Reunion

I am floating. Maybe I’m six.

I’m suspended in the crystal green-brown Allegheny River bottled up in Tionesta Reservoir, looking up into a blue dome the color of a child’s crayon, with an undulating emerald border. The sun is oblique, so I don’t need to squint as I contemplate infinity above me and contentment within; I believe I may have discovered heaven.

My parents have trussed Joyce and me into those orange Coast Guard-approved life jackets we will eventually come to hate because they choke us where the strap ties under the chin (but we are not that old or particular yet), and have thrown us (that may be a bit harsh) into the water to swim while they fish. We are tethered to the bow of a 12-foot aluminum boat we have affectionately named, The Pie Plate, by a short length of rope and our mother’s intermittent fear: Joe, Joe! Where are they?
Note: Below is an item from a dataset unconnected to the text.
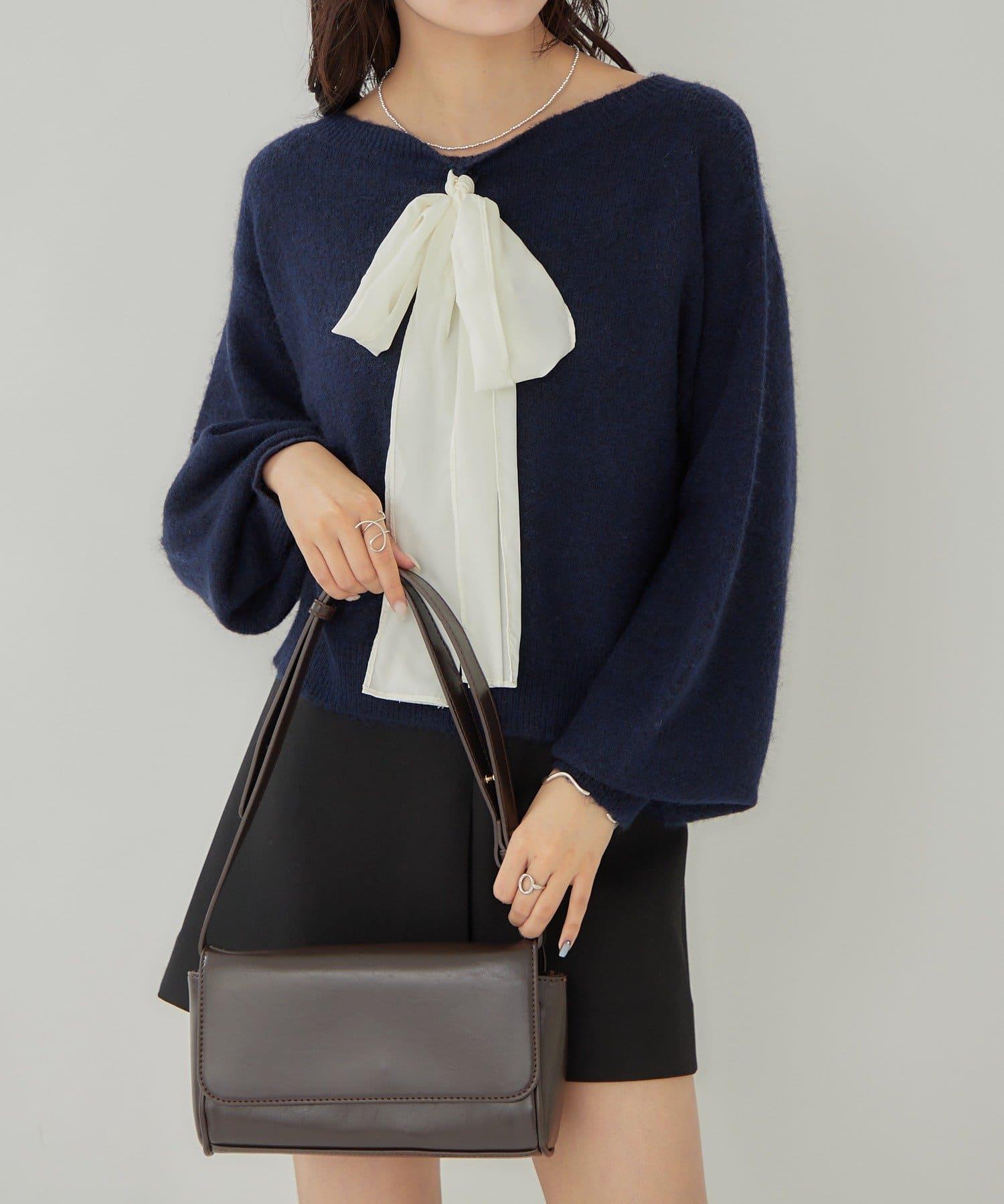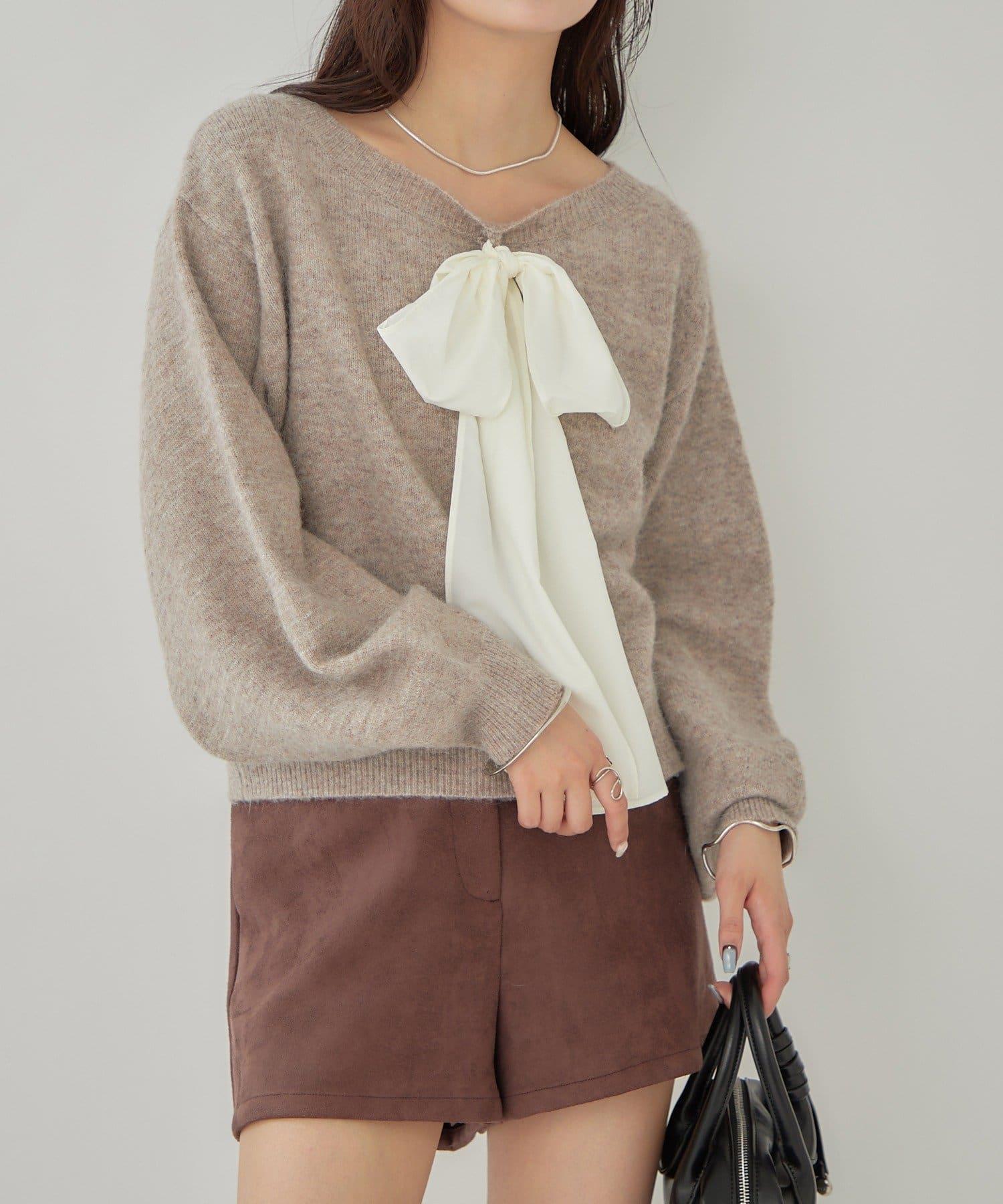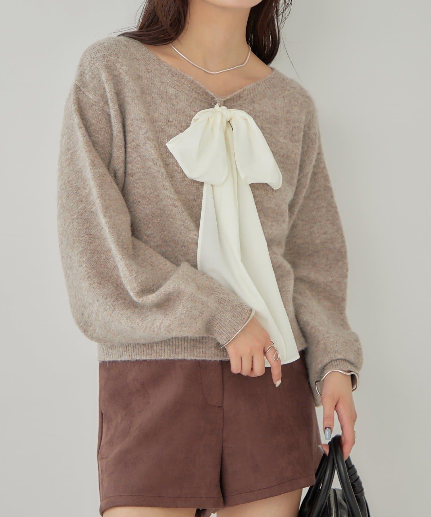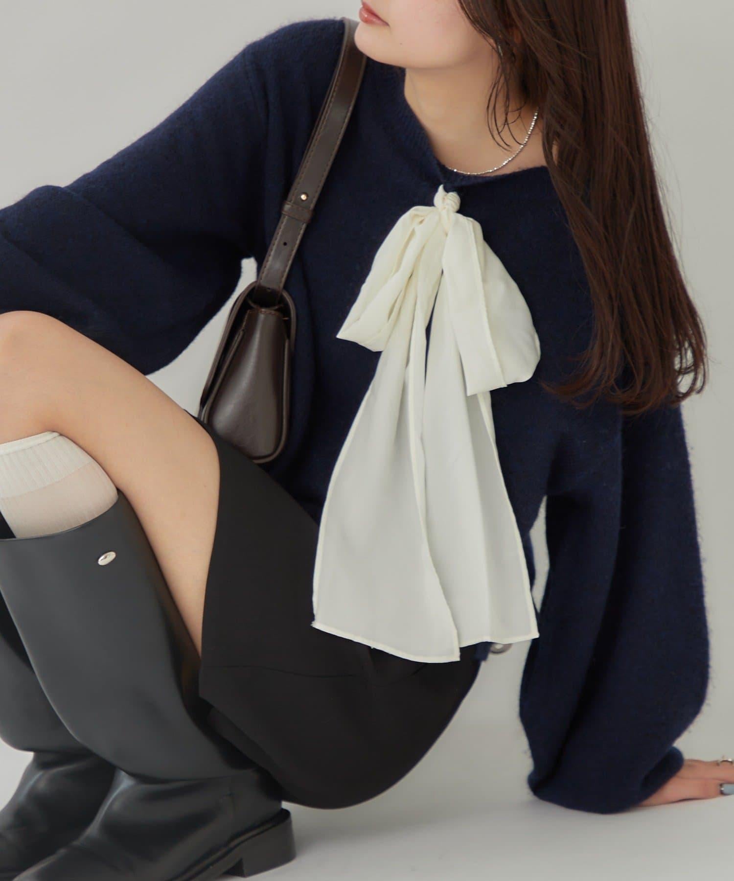 【蝴蝶結可拆卸】蝴蝶結裝飾針織套頭衫

Right here, he says, his patience as steady as these mountains, pulling us around on the rope so we are in her radar once again.

Mom always sits in the middle of the boat on one of three wooden benches because, after her two pregnancies, during which she fell once (that was with me, not the last time I’d crack my head or that she’d feel bad about it) she mostly abandoned the braces and crutches she’d used since childhood, and surrendered to the ease and safety of a wheelchair. As a result, no one calls her Skinny Minnie anymore and she is the ballast. She’s got the ice-chest at her feet with our lunch, which we hope will be replaced by the sound of flapping fish.  Fishless, by when the mosquitoes start to bite, it might be Spam for dinner instead, and Joyce and I would rather choke on fish bones all day than have to eat that.

I bring my hands up in front of my eyes and marvel at my shriveled fingers.  The cool Allegheny has settled pleasantly inside my ears and muffles the happy shouts of boy scouts frolicking at their camp on shore.  A shiver rouses me and I pop upright in the water, envying the boys jumping off a log raft nearby. I can see their skinny bodies shining with water sluicing off them as they climb the ladder, and the way they hunch their shoulders and hold their spindly arms tight across their chests while they wait to jump again, and again. I paddle over to my sister: Let’s play.